August 10, 2011
Opinion: Taking security seriously is a community concern
We live in an unpredictable world. As Americans, we do our best to cope with threats of terrorism on a daily basis, and we put our faith into the intelligence community, trusting that those who are tasked with keeping us safe are vigilant in their quest.
We need only look at recent events, like the death of Osama bin Laden or the thwarting of two bombs aimed at New York City synagogues, to realize that the men and women in uniform—and others not in uniform—are constantly going above and beyond to watch over us and keep terrorism at bay.
But in the American Jewish community, that is not always enough. Throughout history, our Jewish community centers, schools and places of worship have been the targets of violent extremism, and even with the watchful eye of our government there is no sign of that abating. In fact, just days after bin Laden’s killing, al-Qaeda in Yemen called for retaliatory attacks against Jewish targets.

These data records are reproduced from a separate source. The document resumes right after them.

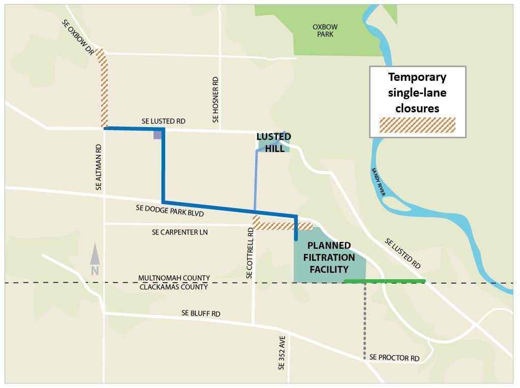 Work at the raw water pipeline/tunnel site on Lusted Road near the Clackamas/Multnomah county line includes: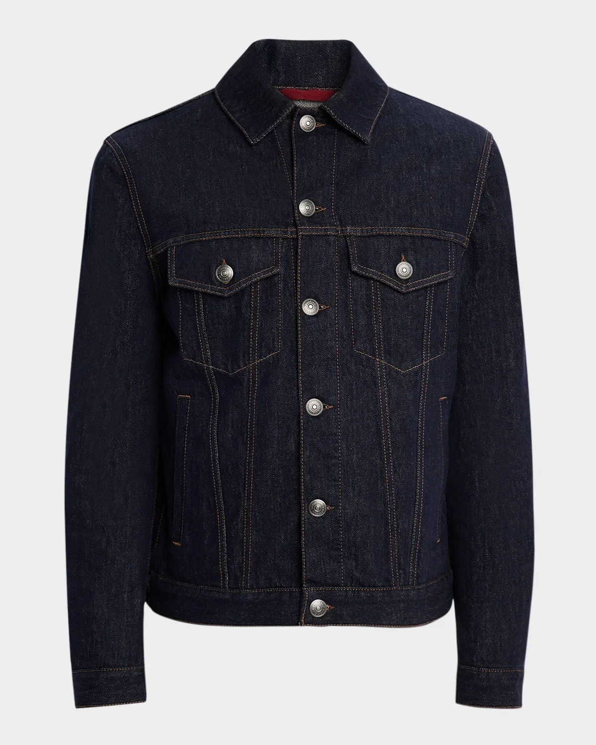 - Brunello Cucinelli jacket in Italian selvedge denim accented with branded metal buttons - Spread collar - Button front - Chest flap pockets - Side welt pockets - Long sleeves - Single-button cuffs - Hem adjusters - Cotton - Unlined - Dry clean, machine wash line dry - Made in Italy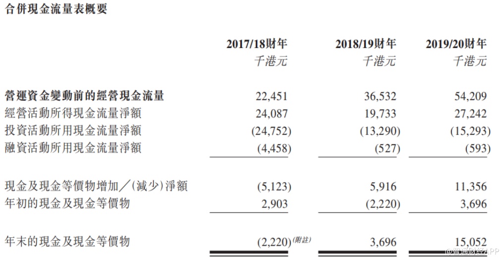 与此同时,广联工程的现金状况逐年改善,年末现金及现金等价物由2017/18财年的-220万元,提升至2019/20财年的1505.2万元。

In today’s security atmosphere, we in the Jewish community must heighten our awareness and be increasingly alert at all times. The Department of Homeland Security approached The Jewish Federations of North America and the Secure Community Network (SCN), an initiative funded by The Jewish Federations, to address the threat of terrorism together because of our role connecting Jewish communities and organizations across the country.
It was the first time that the governmental security agency teamed up with a faith-based community to advance its “If You See Something, Say Something” campaign. The program, which engages the public in identifying and reporting indicators of terrorism, crime and other threats, includes customized posters, announcements and alerts for the U.S. Jewish community.
To kick off the joint initiative, leaders from nearly every major U.S. Jewish organization were on hand when Department of Homeland Security Secretary Janet Napolitano made the announcement in the historic Roosevelt Room of the White House, just steps away from the Oval Office. This universal cooperation will be the key to the program’s success because our security will require the whole community’s involvement.
Napolitano spent nearly an hour detailing the plans to promote security within the Jewish community. The biggest take-away from the meeting is that communication is the first line of defense when it comes to our security.
As we approach the 10th anniversary of the Sept. 11 attacks and reflect on the fifth anniversary of the Seattle Jewish Federation shootings, we mourn those who have fallen victim to horrific acts of terrorism. Despite our best efforts to counter those who wish us harm, it is nearly impossible to ensure stability in a world that is constantly evolving.
Threats to our safety remain elevated, and as a people we must stay vested in our own well-being. If we empower ourselves with the knowledge necessary to keep our communities safe, we can all play a role in fighting terrorism and creating a more secure environment across the American Jewish community.
(Jerry Silverman is the president and CEO of The Jewish Federations of North America.)